- Directed by: Daniel Mann
- Written by: Douglas Morrow
- Produced by: Douglas Morrow Frank Ross
- Starring: Bernie Casey Bo Svenson Bill Walker Maidie Norman Ji-Tu Cumbuka
- Cinematography: John Hora
- Edited by: Walter Hannemann
- Music by: Joe Raposo
- Production company: Ausable Films
- Distributed by: National General Pictures
- Release date: August 1, 1973;
- Running time: 113 mins.
- Country: United States
- Language: English

= Maurie (film) =

1973 film by Daniel Mann

 Maurie (also known as Big Mo) is a 1973 American biographical drama film directed by Daniel Mann. Distributed by National General Pictures, the film covers the lives and relationship of two NBA Hall of fame basketball players, the forward Jack Twyman, and his teammate the forward Maurice Stokes.

==Plot summary==
The film chronicles Twyman's and Stokes's relationship from Stokes's rookie year in the NBA up until his death.

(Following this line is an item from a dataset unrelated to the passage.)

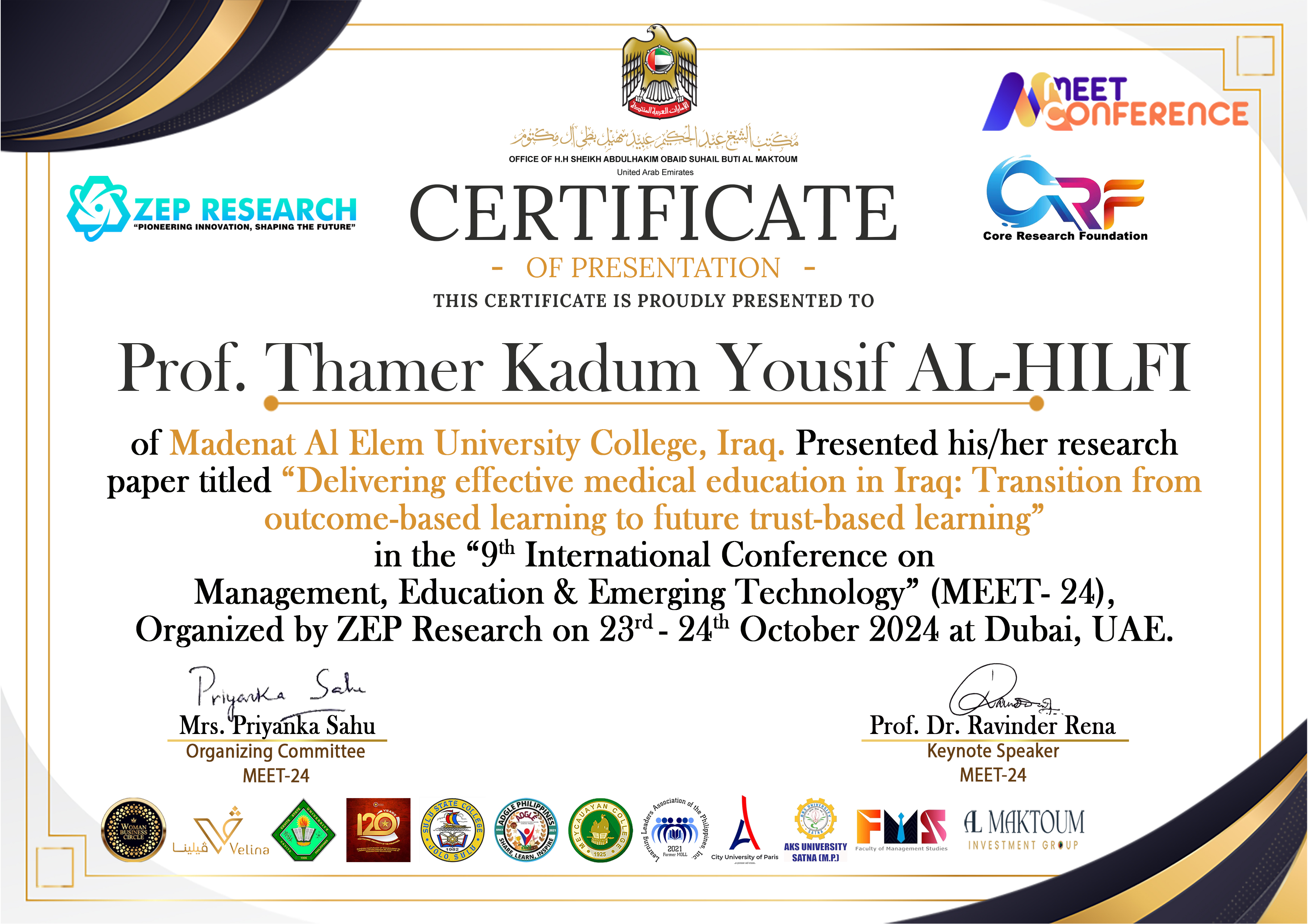 شارك الاستاذ الدكتور ثامر الحلفي التدريسي في كلية مدينة العلم الجامعة في المؤتمر العالمي التاسع في دبي وتحت شعار (التكامل في التعليم والادارة الناجحة باستخدام التكنلوجيا الحديثة)، من خلال بحثه الموسوم (التأثير الايجابي للمناهج الصحية والطبية الحديثة في بناء قدرات الخريجين)

Stokes and Twyman are teammates on the Rochester Royals during the 1950s (during which time the team relocates to Cincinnati). Stokes falls ill three days after the last game of the 1957–58 NBA season, in Minneapolis. In that final game, Stokes had driven to the basket, drew contact and fell to the floor, hit his head, and was knocked unconscious. He was revived with smelling salts, and he returned to the game.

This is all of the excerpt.